▸ Aim of the exercise
Give every entry below again, exactly as written, and skip the images.

▸ Source data

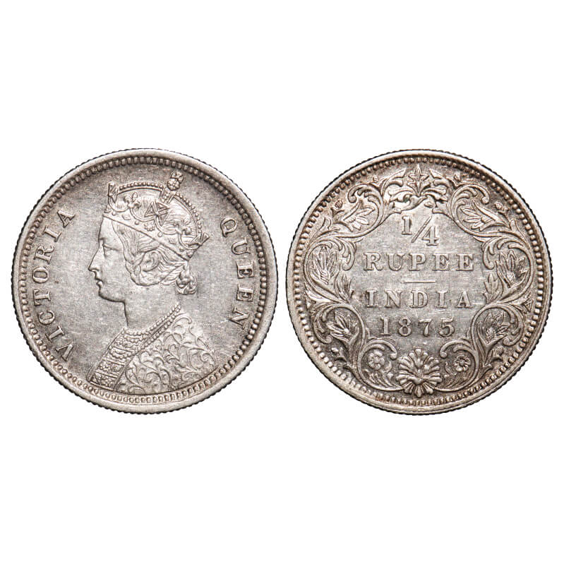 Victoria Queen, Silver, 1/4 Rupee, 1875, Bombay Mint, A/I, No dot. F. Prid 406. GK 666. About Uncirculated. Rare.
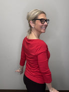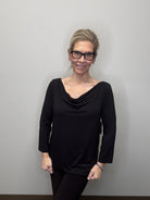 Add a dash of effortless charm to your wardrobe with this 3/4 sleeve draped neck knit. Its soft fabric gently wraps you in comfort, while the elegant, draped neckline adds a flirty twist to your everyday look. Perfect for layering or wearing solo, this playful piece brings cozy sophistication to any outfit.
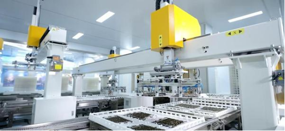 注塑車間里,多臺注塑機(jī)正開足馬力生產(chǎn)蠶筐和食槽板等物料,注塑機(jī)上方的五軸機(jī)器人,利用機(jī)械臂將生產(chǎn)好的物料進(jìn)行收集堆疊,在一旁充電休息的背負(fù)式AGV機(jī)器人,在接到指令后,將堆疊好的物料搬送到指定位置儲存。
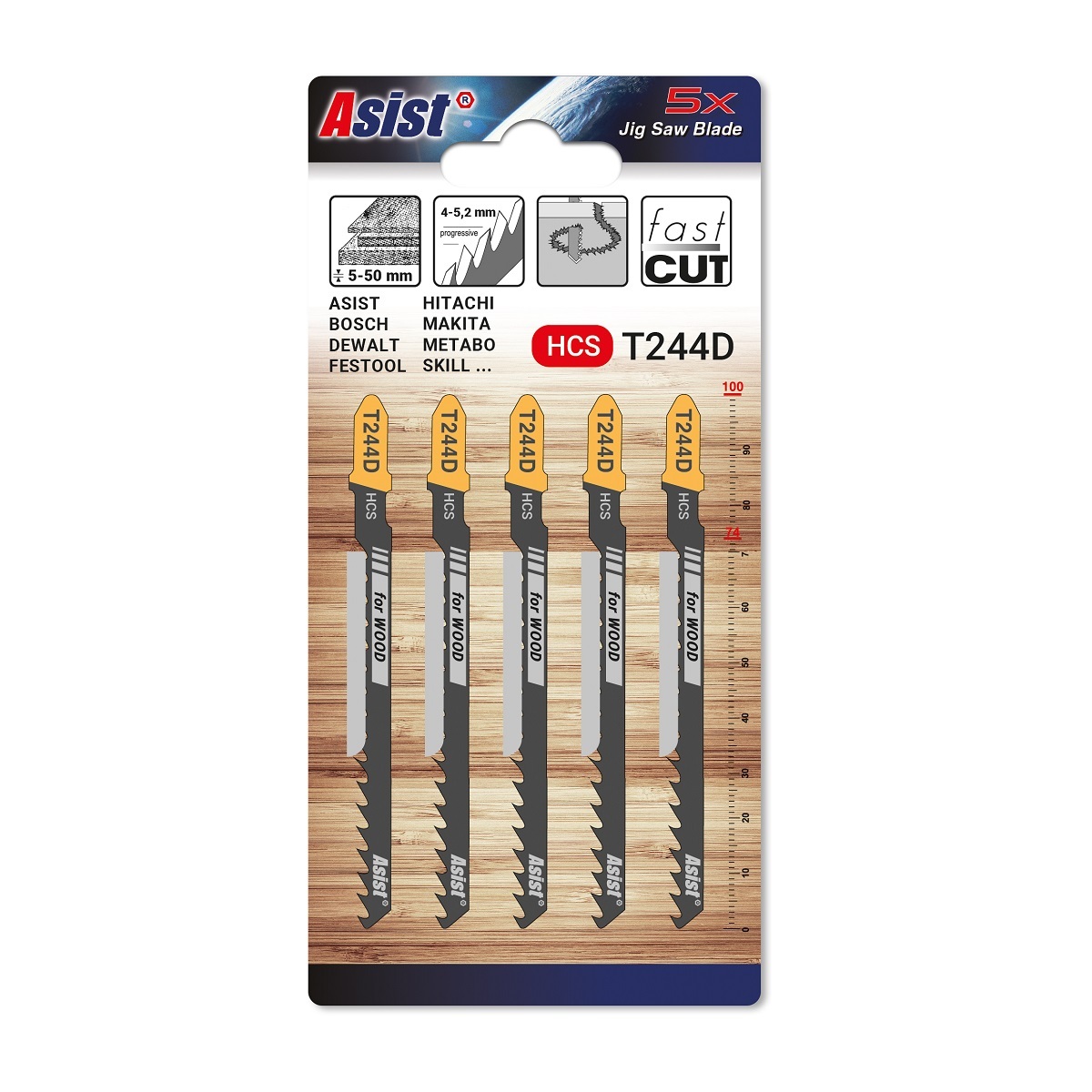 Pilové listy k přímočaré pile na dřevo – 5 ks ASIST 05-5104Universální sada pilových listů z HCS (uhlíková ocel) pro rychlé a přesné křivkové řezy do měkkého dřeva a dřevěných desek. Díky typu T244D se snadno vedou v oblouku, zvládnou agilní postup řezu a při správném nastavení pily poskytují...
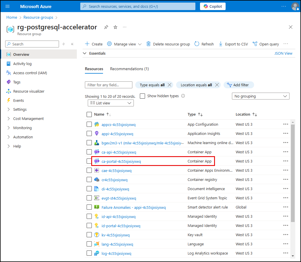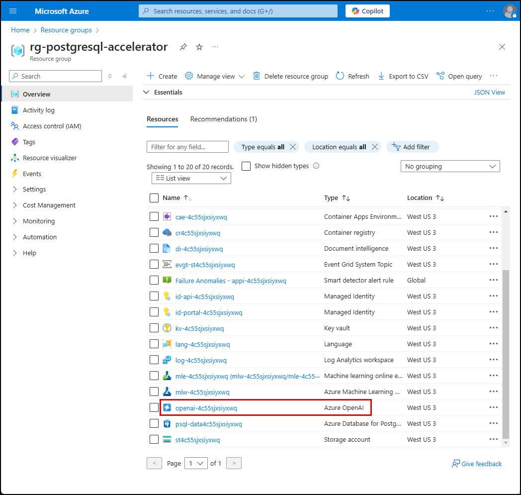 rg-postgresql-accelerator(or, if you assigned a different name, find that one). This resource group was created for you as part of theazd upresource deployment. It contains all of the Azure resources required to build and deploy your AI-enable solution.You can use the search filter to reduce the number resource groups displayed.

▸ Completed exercise
 Victoria Queen, Silver, 1/4 Rupee, 1875, Bombay Mint, A/I, No dot. F. Prid 406. GK 666. About Uncirculated. Rare.
 Add a dash of effortless charm to your wardrobe with this 3/4 sleeve draped neck knit. Its soft fabric gently wraps you in comfort, while the elegant, draped neckline adds a flirty twist to your everyday look. Perfect for layering or wearing solo, this playful piece brings cozy sophistication to any outfit.
 注塑車間里,多臺注塑機(jī)正開足馬力生產(chǎn)蠶筐和食槽板等物料,注塑機(jī)上方的五軸機(jī)器人,利用機(jī)械臂將生產(chǎn)好的物料進(jìn)行收集堆疊,在一旁充電休息的背負(fù)式AGV機(jī)器人,在接到指令后,將堆疊好的物料搬送到指定位置儲存。
 Pilové listy k přímočaré pile na dřevo – 5 ks ASIST 05-5104Universální sada pilových listů z HCS (uhlíková ocel) pro rychlé a přesné křivkové řezy do měkkého dřeva a dřevěných desek. Díky typu T244D se snadno vedou v oblouku, zvládnou agilní postup řezu a při správném nastavení pily poskytují...
 rg-postgresql-accelerator(or, if you assigned a different name, find that one). This resource group was created for you as part of theazd upresource deployment. It contains all of the Azure resources required to build and deploy your AI-enable solution.You can use the search filter to reduce the number resource groups displayed.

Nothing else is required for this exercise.